C++ parallel algorithm (stdpar) version

This is an experimental version (not appeared in the workshop paper). As well as the OpenMP4.5 version, it is recommended to map GPUs before calling MPI_Init. See sub_Wisteria_A100_stdpar.sh.

export DEVICE=device_name
cd src_stdpar
make
cd ../wk
./job.sh

Expected result

If the code works correctly, one may find the standard output file in ascii format showing the timing at the bottom.
The timings look like (though not alingned in the standard output file)
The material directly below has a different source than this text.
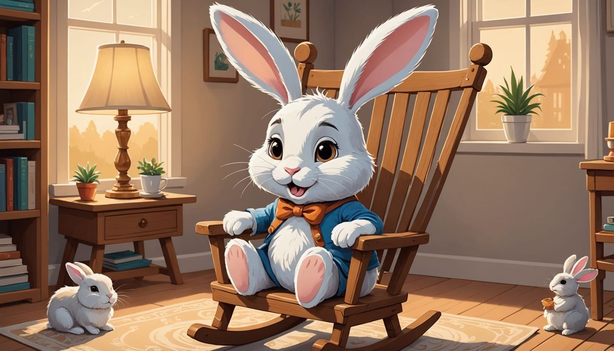 Uma (((obra-prima))) de Angela Fang Zirbes, apresentando um (((adorável coelho em estilo de desenho animado, docemente desenhado em uma cadeira de balanço confortável e solta...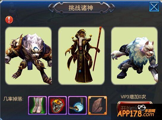 每天有2次挑战诸神的机会,每次都会随机生成3个boss,如图所示,点击“开始挑战”即可进入神殿直接挑战3个boss。

total 4.57123 [s], 1 calls
MainLoop 4.56027 [s], 40 calls
pack 0.14395 [s], 40 calls
comm 0.705633 [s], 40 calls
unpack 0.0556184 [s], 40 calls
advec2D 0.258894 [s], 40 calls
advec4D 1.38773 [s], 40 calls
field 0.0474864 [s], 80 calls
all_reduce 0.116563 [s], 80 calls
Fourier 0.0296469 [s], 80 calls
diag 0.0992476 [s], 40 calls
splinecoeff_xy 0.805345 [s], 40 calls
splinecoeff_vxvy 0.907955 [s], 40 calls

Each column denotes the kernel name, total elapsed time in seconds, and number of call counts. The elapsed time s of a given kernel for a single iteration can be computed by

total elapsed time [s] / number of call counts

The Flops and memory bandwidth are computed by the following formula

Flops = Nf/s,
Bytes/s = Nb/s

where f and b denote the total amount of floating point operation and memory accesses per grid point. N represent the total number of grid points ans s is the elapsed time of a given kernel for a single iteration. f and b presented in Table V of the paper (section VI) are the analytical estimates from the source code.